October 13th, 2000 • Posted in Extracts |

“That is one big worm.” Hellboy had always wanted to take a trip to Rio, but not to fight dragons.

“Weird how people get used to things,” Amelia Francis said. She was a lecturer in Mythology in History at the local university, and a BPRD advisor in South America. She had met Hellboy at the airport less than two hours ago. Now they were standing beside the road staring up at the dragon that perched on the outstretched left arm of Christ the Redeemer. “Ask most people now, and they’ll shake their heads and smile and say it’s a joke.”

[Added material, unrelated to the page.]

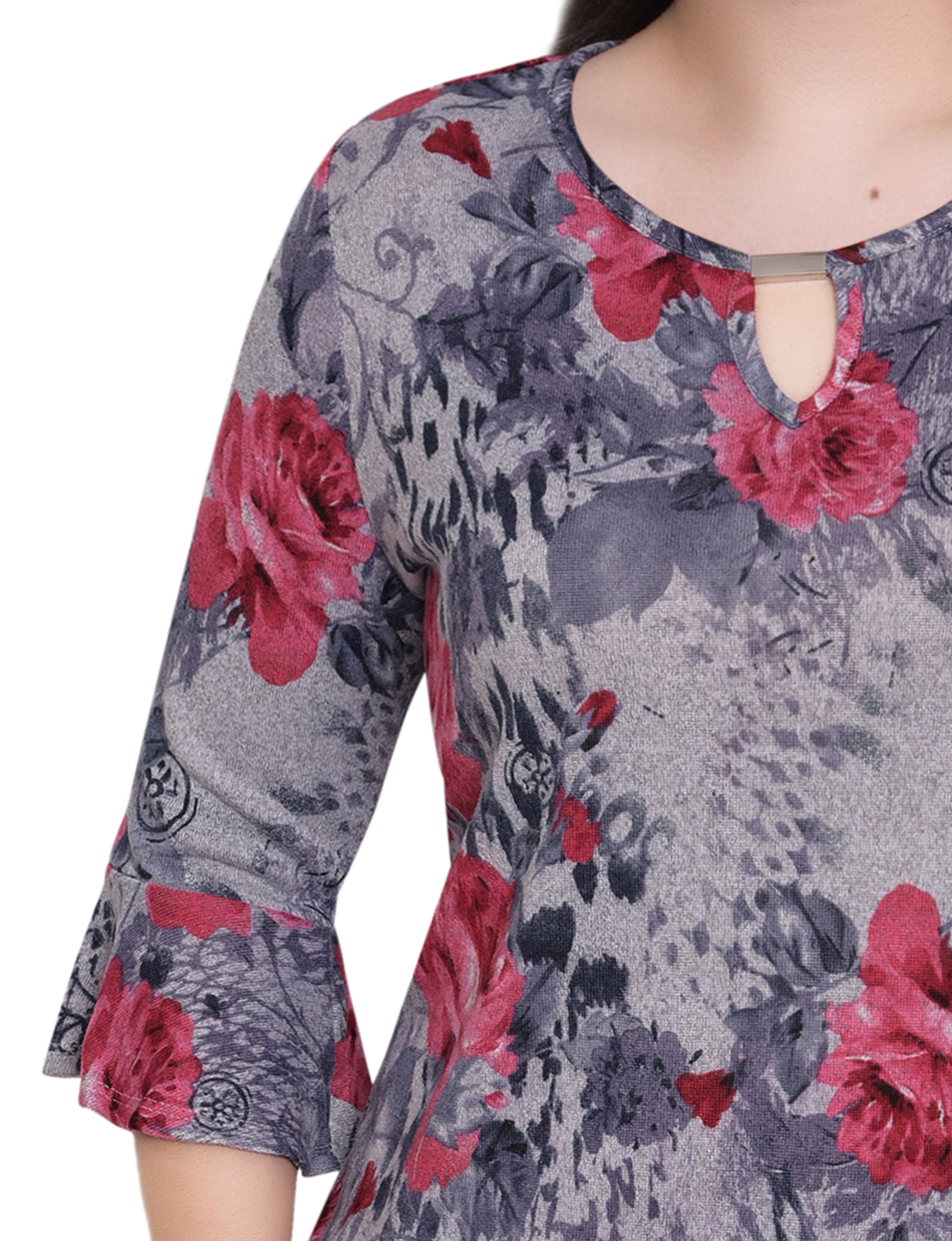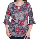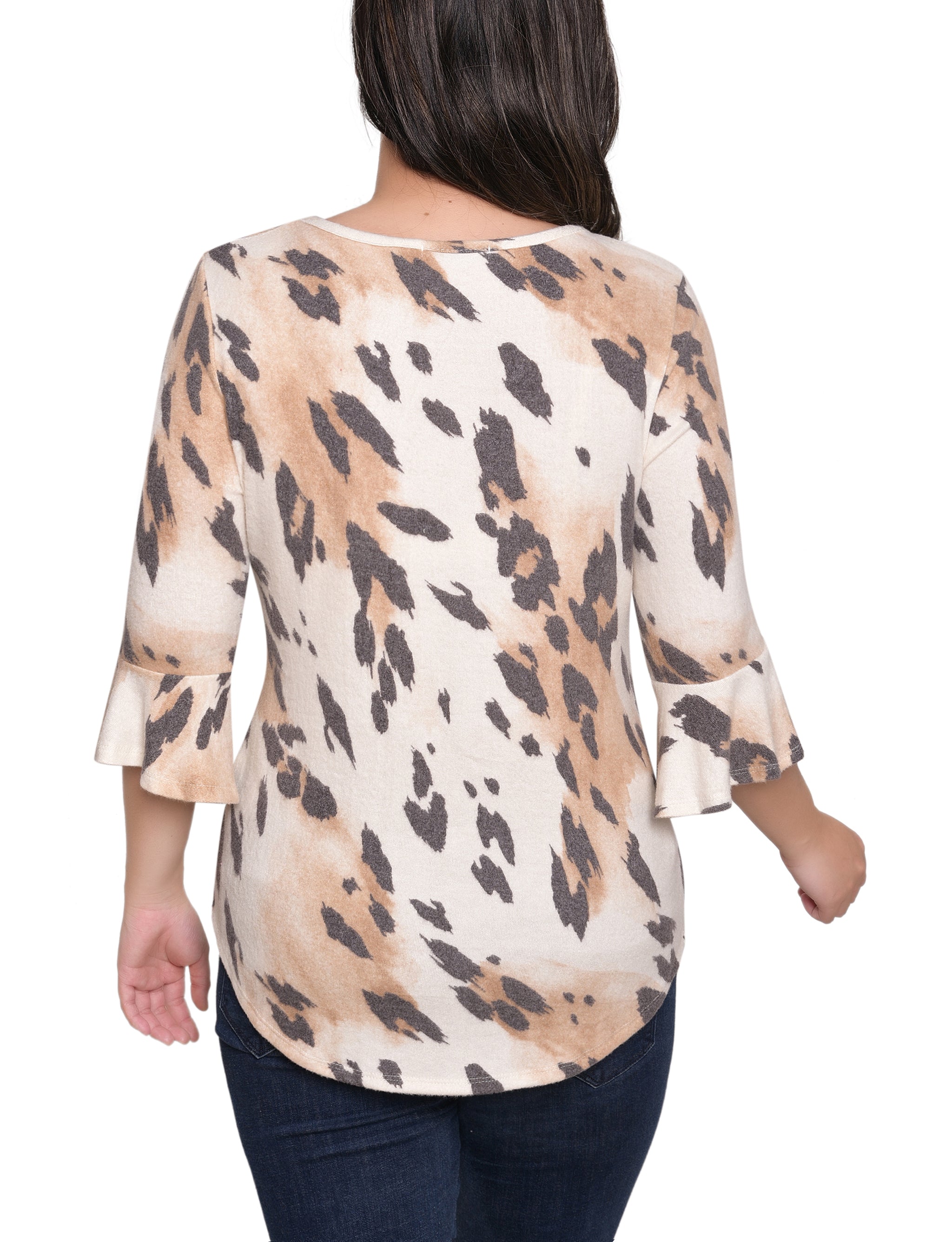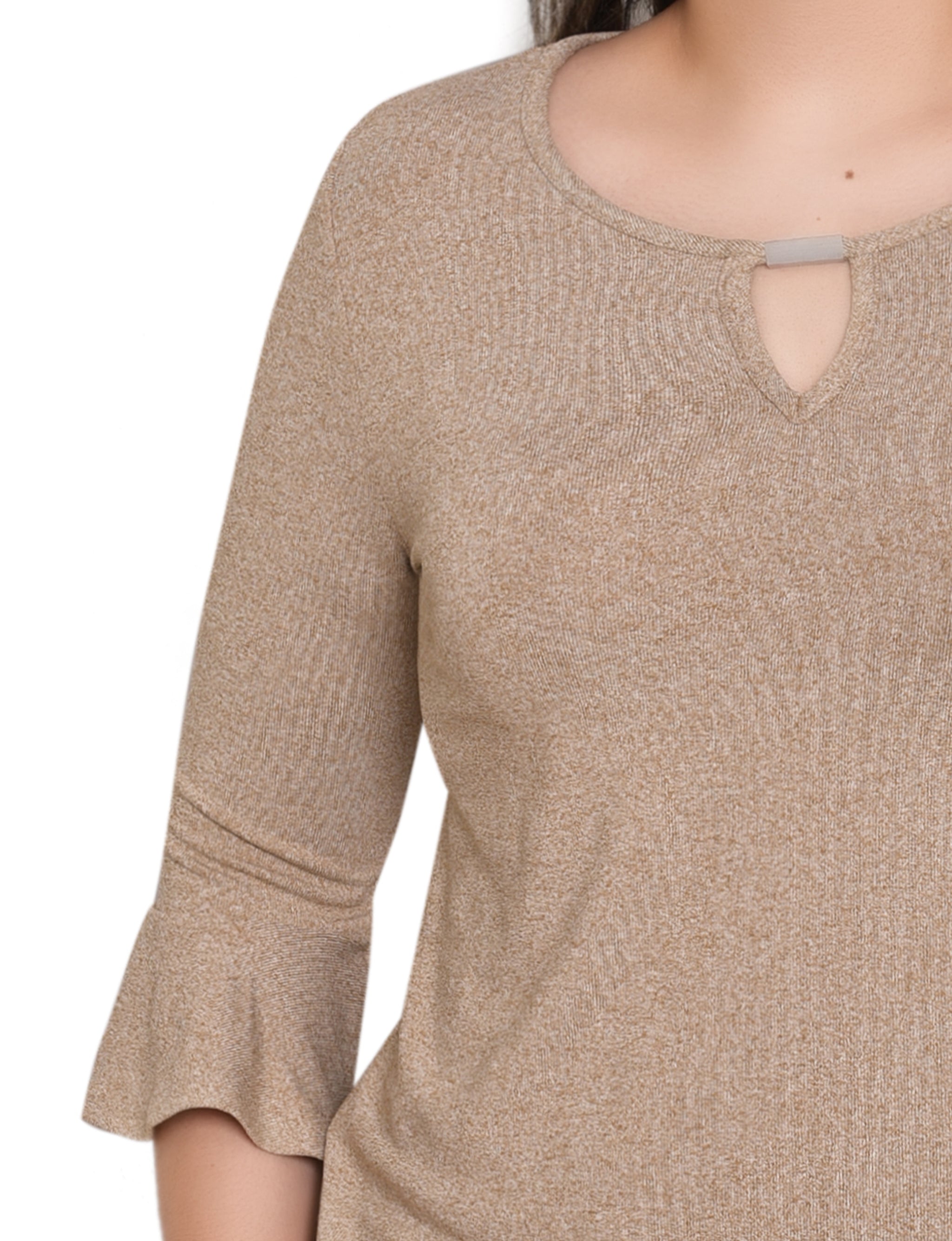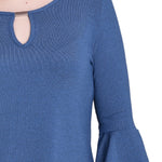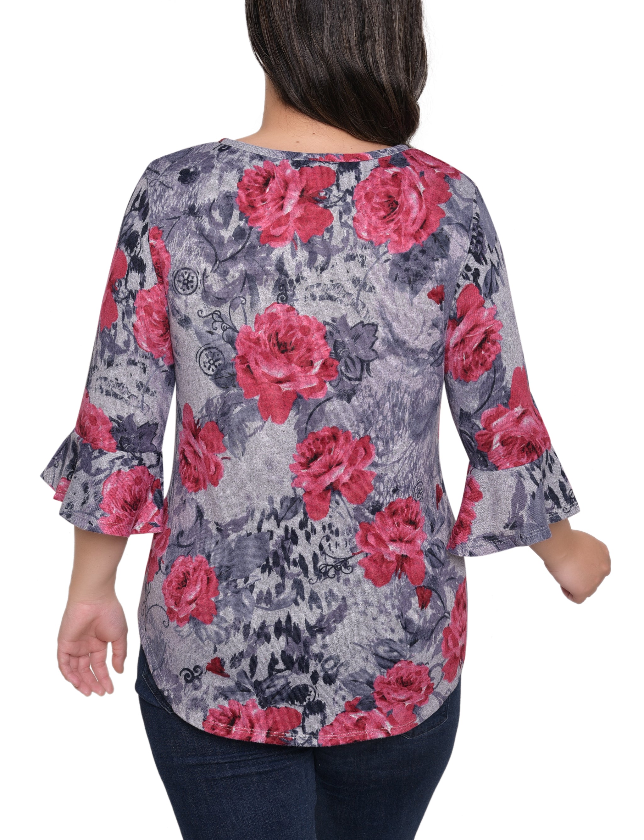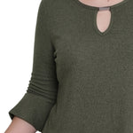 Effortless and easy to wear, this NY Collection knit top features a relaxed silhouette with a keyhole neckline and flounced 3/4 sleeves for a touch of feminine flair. Perfect for casual days or dressed-up comfort.

“Even though that thing turned half of Copacabana beach into a sheet of glass?”

“People can’t believe, so they choose not to.”

“Huh.” Hellboy rolled his unlit cigarette across his lips. He’d already searched through his jacket pockets for some matches and drawn a blank. He wished Liz were here with him. “What about them?” He pointed up the mountain at the colourful speck climbing its slopes. From here they looked like insects.

Amelia sighed. “They’re not the first. The police are doing their best to deter the journalists, sensation-seekers or souvenir hunters, but it’s a big place. They can’t seal it off totally.”

“Huh,” Hellboy said again. He stared up at the dragon. “Souvenirs?”

“From … from what I know about dragons it’s …” She trailed off, staring up past Hellboy. “That’s a dragon!”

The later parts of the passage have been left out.